Второй раз Федоров видел Жукова на торжественном собрании в честь 20–летия разгрома немцев под Москвой. За столом сидел президиум, а Жуков находился как и все простые смертные в зале и тогда весь зал стал скандировать: «Жуков, Жуков...» так продолжалось почти час, пока организаторы конференции не решились переместить его в президиум. Жуков вышел на сцену, подошел к висевшей там карте и в течении двух часов сделал блестящий доклад о разгроме немцев под Москвой. Все это время председательствовавший на конференции маршал Конев сидел опустив глаза, не смея взглянуть в зал.

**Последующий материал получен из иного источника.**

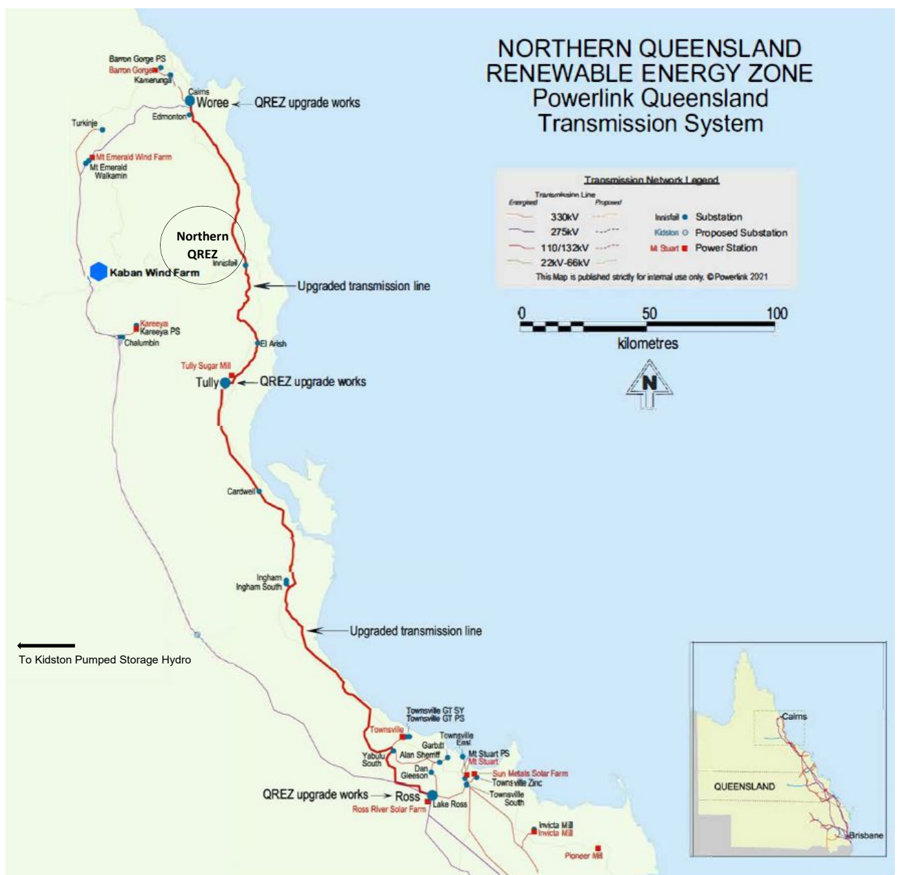
Figure 1 Northern Queensland Renewable Energy Zone

Without the 275kV upgrade, future VRE generators (post Kaban Wind Farm) will require additional investment in remediation to be compliant with Generator Performance Standards. In this context, the proposed capital expenditure has been assessed as prudent given that the benefits to the electricity market (as a whole) significantly exceed the cost of the capital works that Powerlink is required to undertake as part of this upgrade. Further, the market benefits associated with reduced network losses and improved reliability of supply to Cairns 8 are expected to result in additional benefits. Collectively, these will deliver positive long term benefits to electricity consumers.
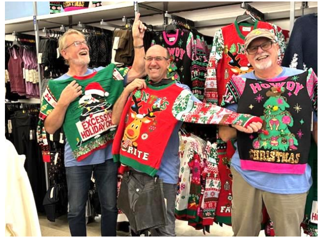
A zany Christmas sweater Habitat mission trip picture (right) and the full BLC – St. Luke’s Habitat team...
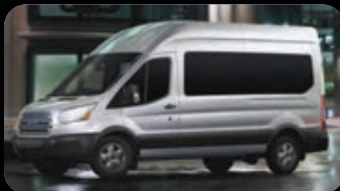
Ingot Silver exterior paint now available
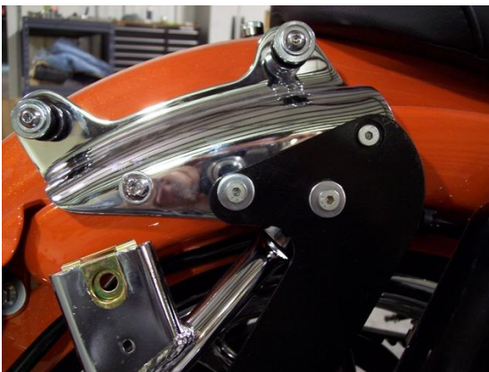
Step 8- Top of Strut Installation with 3 Bolts and Docking Hardware
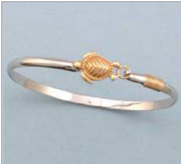
JBN110459S50X65M2T WT: 9.55 gm
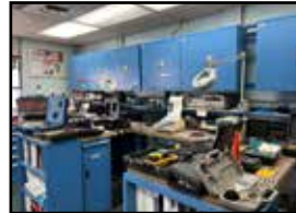
METER & TESTING ROOM
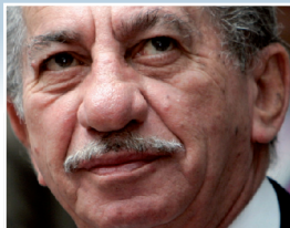
Tassos Papadopoulos: Age 74. Won presidency in 2003. Led rejection of UN-backed reunification plan in 2004 – regarded as a “no-compromise candidate” toward Turkey. Backed by his centre-right Democratic Party ( DIKO ), Social Democrats Movement ( EDEK ) and European Party ( EvroKo )
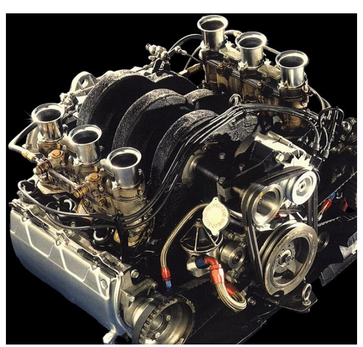
Ultimate GM development of the Corvair engine. Overhead Cam, individual carbs, triple vertical cooling fans. It doesn't get any better than this!
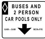
Bus/Car Pool Lane
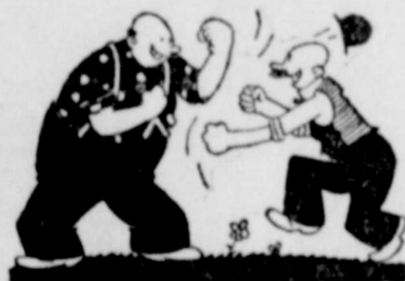
The Morning After Taking Carter's Little Liver Pills
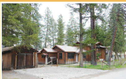
2 HOMES ON .43 ACRES , a 4 bedroom, 2 bath and a 1 bedroom, 1 bath. Both with excellent rental income. In addition there is an adjacent lot 275' X406' that can be purchased. Both the lot and the one bedroom home face U.S. Hwy 2. $149,900
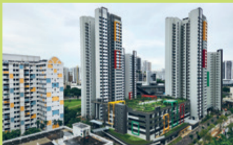
Teck Whye Estate
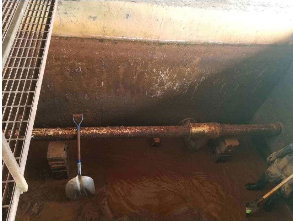
Figure 6. Residue from cleaning a sedimentation tank on a commercial farm.
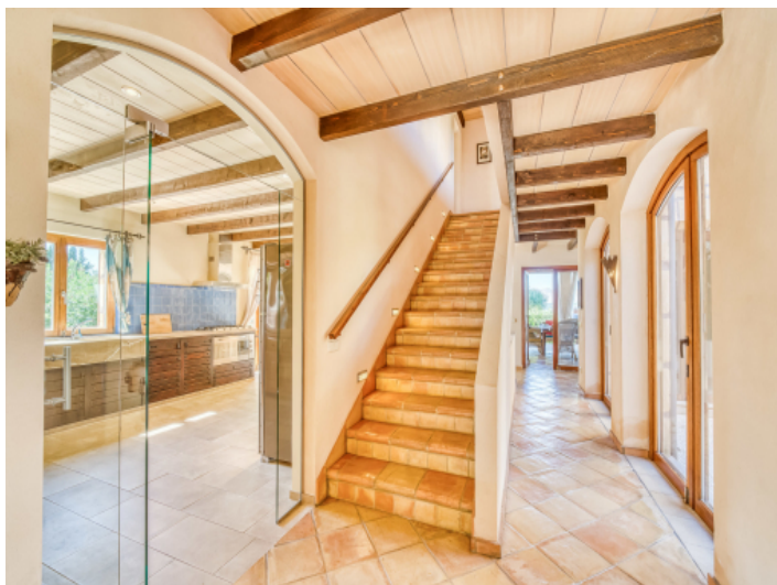
Floor from the finca
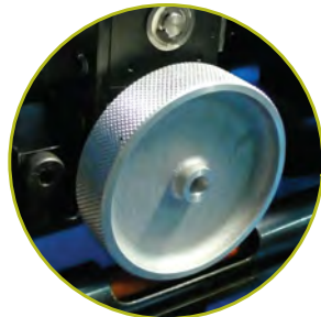
independent measuring system
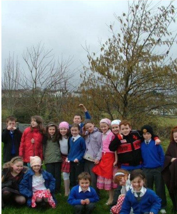
Ag gléasadh suas do Sheachtain na Gaeilge
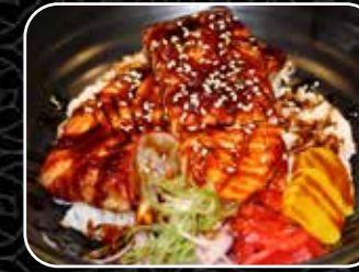
R8. TERIYAKI SALMON DON $13.80

Signature grilled pork belly chashu served with special chashu sauce, flavoured egg, salad, mayo and pickled vegetables.
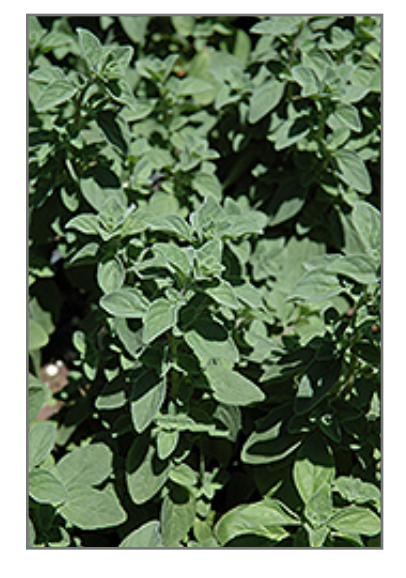
Italian Oregano foliage

551 Bedford St Abington, MA 02351 | 781-878-1306 | garden@seoanelandscape.com
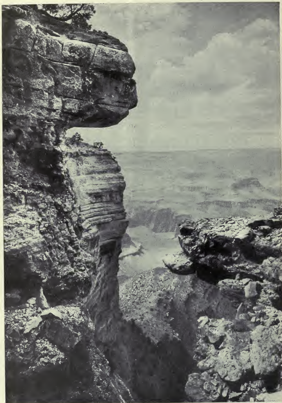
From Kaibab Plateau, Looking South.
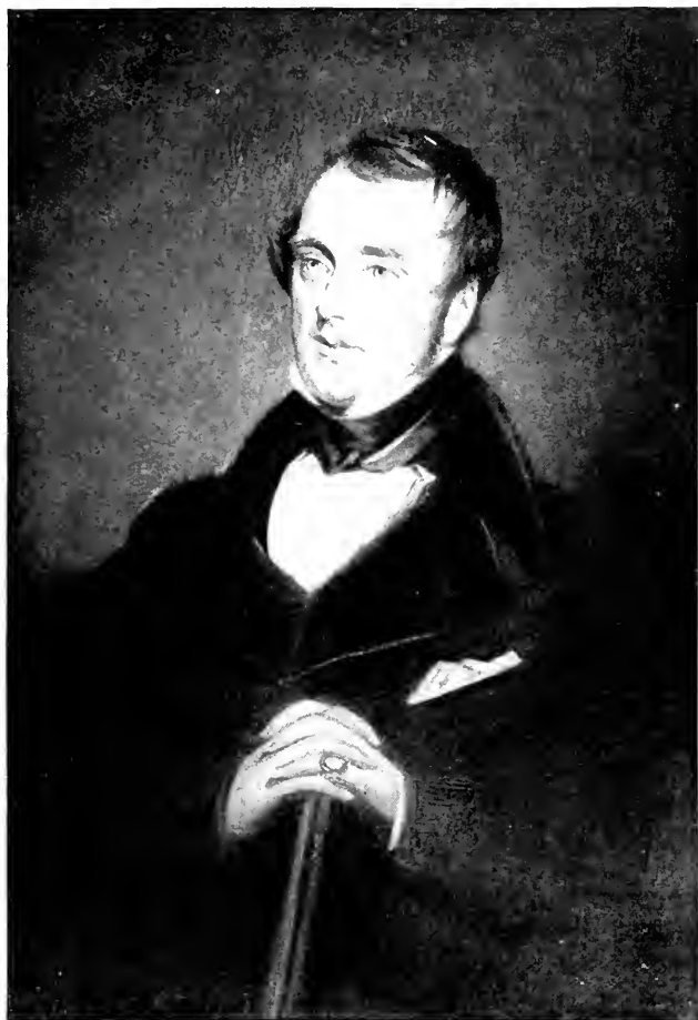
HENRY EDWARD, FOURTH LORD HOLLAND

From the portrait by C. R. Leslie, R. A., at Holland House, by permission of the Earl of Iichester
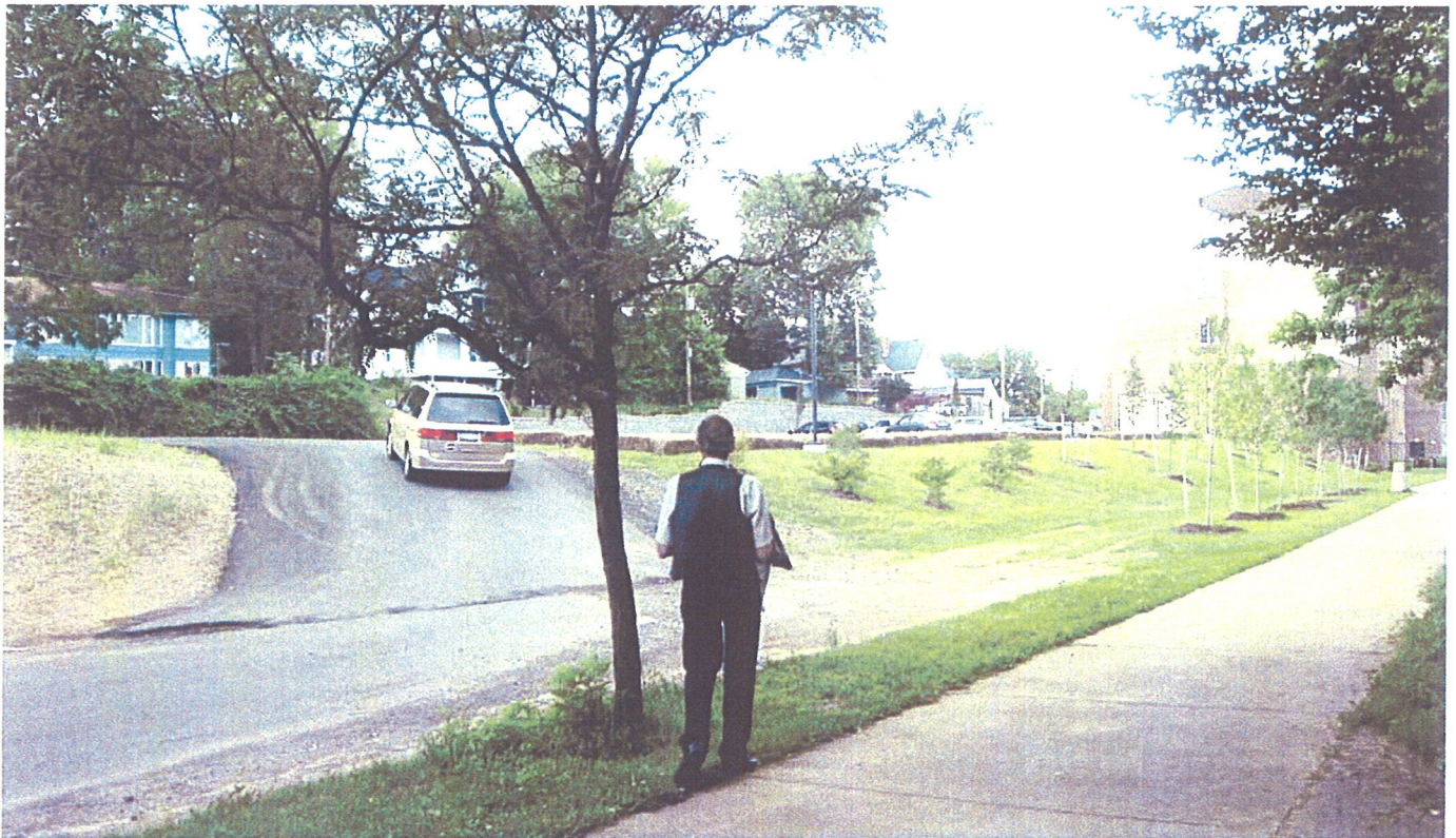
Photo 10: The vehicular connection between the park and the private development will be redesigned to be less steep and include a landscape screen.
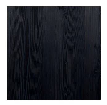
Douglas Cathedral dark
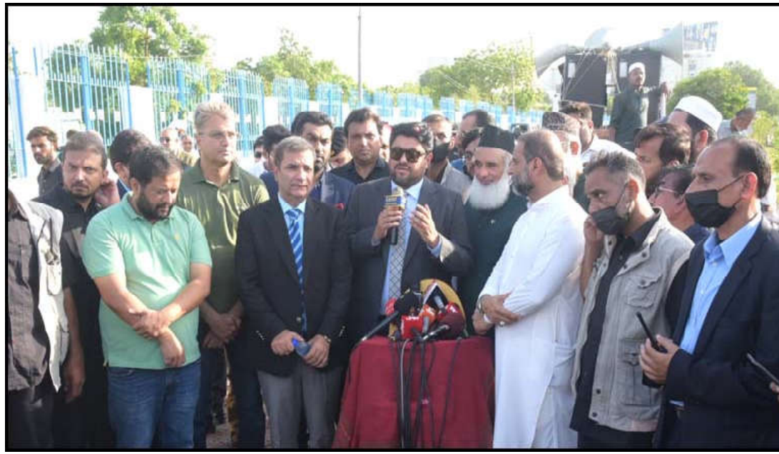
KARACHI: Governor Sindh Kamran Khan Tessori talking to media men

The traditional manner or one-dimensional study of war is accordingly out-dated and is no longer applicable. The admiral appreciated the efforts of Pakistan Navy War College in providing meritorious professional education to students and lauded the endeavour of the College in integrating with local academia for proliferation of maritime knowledge and increasing awareness on maritime security matters.
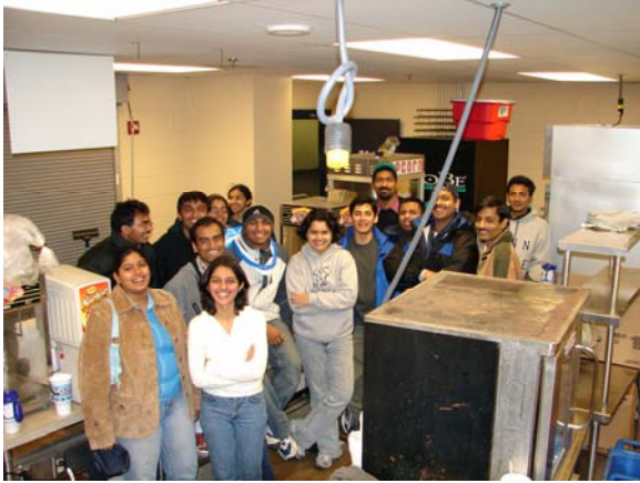
Wisconsin vs. PSU game

This is what the volunteers had to say after the first game
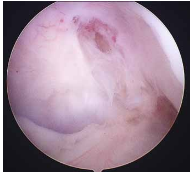
Fig. 3 Anterolateral portal view of the knee after resection of the cyst shows intact posterior cruciate ligament fibres (after debulking).

На фронте же, как сказал Федоров, Жукова боялись пуще огня. Его вспышки гнева были непредсказуемы. Другое дело маршал Василевский — это отец родной. Общаться с ним было одно удовольствие. Точно также Рокососовский, никогда не накричит, зря не обидит.
Вот так или почти так рассказывал мне Алексей Федоров.
К сожалению, когда вошли в моду встречи ветеранов 39–го полка, Федоров почему–то игнорировал их. Думаю, что дело в том, что обычно их приурочивали к 9 мая, а у него была своя дивизия, в которой его знал каждый, в которой он провоевал два года, с которой брал Берлин и сердце его принадлежало ей. В 39–м полку оставались лишь единицы, кто воевал с ним на Дону, в Донбассе. Но все они сохранили к своему командиру самое искреннее уважение.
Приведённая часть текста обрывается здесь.